How to Read a Whole HathiTrust Collection, or "How did Ralph Waldo Emerson define what it means to be a man?"

This Web pages outlines a process to use and understand ("read") the whole of a HathiTrust collection. Such a process is outlined below:

  1. articulate a research question
  2. search the 'Trust and create a collection
  3. download the collection file and refine it, or at the least, remove duplicates
  4. use the result as input to htid2books; download the full text of each item
  5. use Reader Toolbox to build a "study carrel"; create a data set
  6. compute against the data set to address the research question
  7. go to Step #1; repeat iteratively

The balance of this essay elaborates on each one of these steps and then summarizes the whole.

Step #1 of 7 - Articulate a research question

unigramsSomeone once said, "If you don't know where you are going, then you will never get there." The same thing is true of the reading process. If one does not articulate what they want to get out of the reading process, then one is not setting themselves up for success. Thus, at the forefront, it is useful to articulate a research question, or at the very least, a purpose. The questions or purposes can range from the mundane to the sublime. They can be as simple as "entertain me", "tell me about such and such", or to as complex as "What is love?" For the purposes of this essay, my research question is, "How did Ralph Waldo Emerson define what it means to be a man?" To answer this question, I will do my best to acquire the whole of Emerson's writings, and I will use a computer to assist in the reading process.

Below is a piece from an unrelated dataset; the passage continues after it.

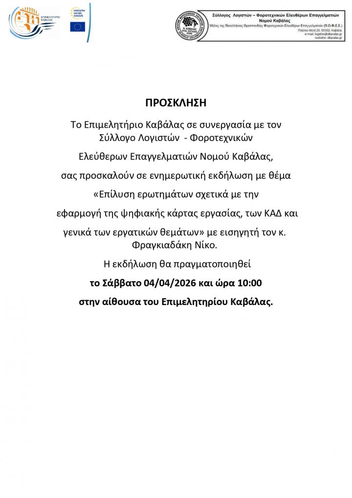 Πρόσκληση σε ενημερωτική εκδήλωση του Συλλόγου Λογιστών - Φοροτεχνικών Ελεύθερων Επαγγελματιών Νομού Καβάλας

Step #2 of 7 - Create a collection

It is rather easy to create a HathiTrust collection. Search the 'Trust. Mark specific results as items of interest. Create and/or add those items to a collection. Repeat until done or get tired. For the immediate purpose, I searched the 'Trust for things authored by Ralph Waldo Emerson, and to make my life easier, I limited all search results to full text items and originating from Harvard University. This resulted in a collection of more than 300 items.

Step #3 of 7 - Refine the collection

While it is easy to create a collection, refining the collection is non-trivial. For example, there are quite likely many duplicates, and each duplicate may be expressed in very similarly but not exactly in the same way. Moreover, since collections are displayed in a format akin to the venerable catalog card, it is difficult to sort, group, and ultimately compare and contrast collection items.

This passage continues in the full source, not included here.